第254球「二つのベクトル」(2006.9.13)

 「勝負」と「娯楽性」は同等のレベルで、同等に追求されるべきものである、と俺は思っている。そりゃぁ、その時々によってそのバランスは微妙にずれてくることもあるのだが、根底に流れる考えは不変、と言ってよい。それが草野球の大きな魅力ではなかろうか。

 一番望ましいのは、「勝負」することが、最大の愉しみである、と考えること。痺れるような試合の中で、ベストなプレーをすること。そのための努力を惜しまないこと。しかし、それだけではないはずだ。もう一つは野球すること自体を「楽しむ」こと。結果そのものを必要以上に引きずらないこと。そういう精神的な余裕もどこかに必要なのだろう。この二つのベクトルバランスが保ててこそ、「また参加したいな」「また頑張りたいな」という気持ちが生まれてくるのではなかろうか。
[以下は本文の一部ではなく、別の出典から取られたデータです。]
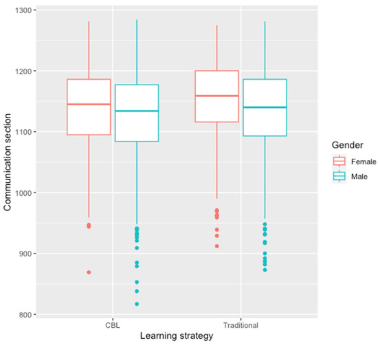 Table 11. Exploratory statistics variables for samples (communication score of EGEL-PLUS) of female and male students under CBL and traditional learning strategies.
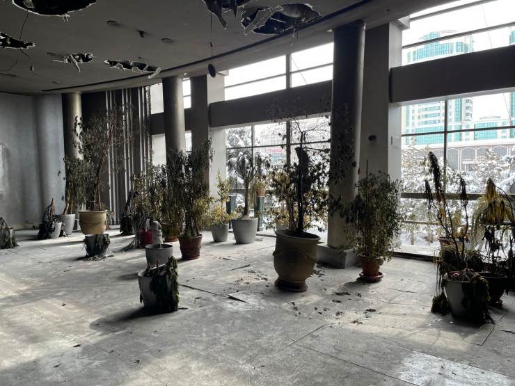 По словам инспектора УДП Бахыт Абдыкаликовой, кабинеты были либо разграблены, либо сожжены. В первые дни осмотра резиденции не удалось найти какие-либо ценные вещи - все уничтожено или похищено.
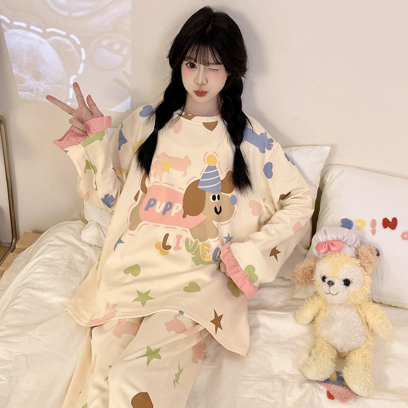可爱公主风家居服套装 猫人女士云朵棉睡衣春秋款 2025新款 开衫 长袖

 このベクトルバランスを保つのは非常に難しい。やじろべえのように、振り子のように右に左に揺れながら、チームというのは動いている。まさにチームは生き物だ。だから必ずしもいい試合ばかりできるわけではない。いい活動ばかりできるわけでもない。またその逆も然り。その積み重ねが今のチームを作っている。

 ただ、間違ってはいけないのは「楽しむ」は「ラク」をするのではない、ということ。肉体的にも精神的にも「ラク」はしてはいけない。我々のベクトルバランスに「ラク」の文字は存在しないのだ。あくまで「たのしむ」ということ。似ているようで、明確に違うのだ。

 楽しむために、自らを鼓舞し、衰えつつある体にムチ打って、その積み重ねで勝負する。楽しく、激しく野球をする。何と楽しいことだろう。何と素晴らしいことだろう。このベクトルバランスは今後も追求するよ。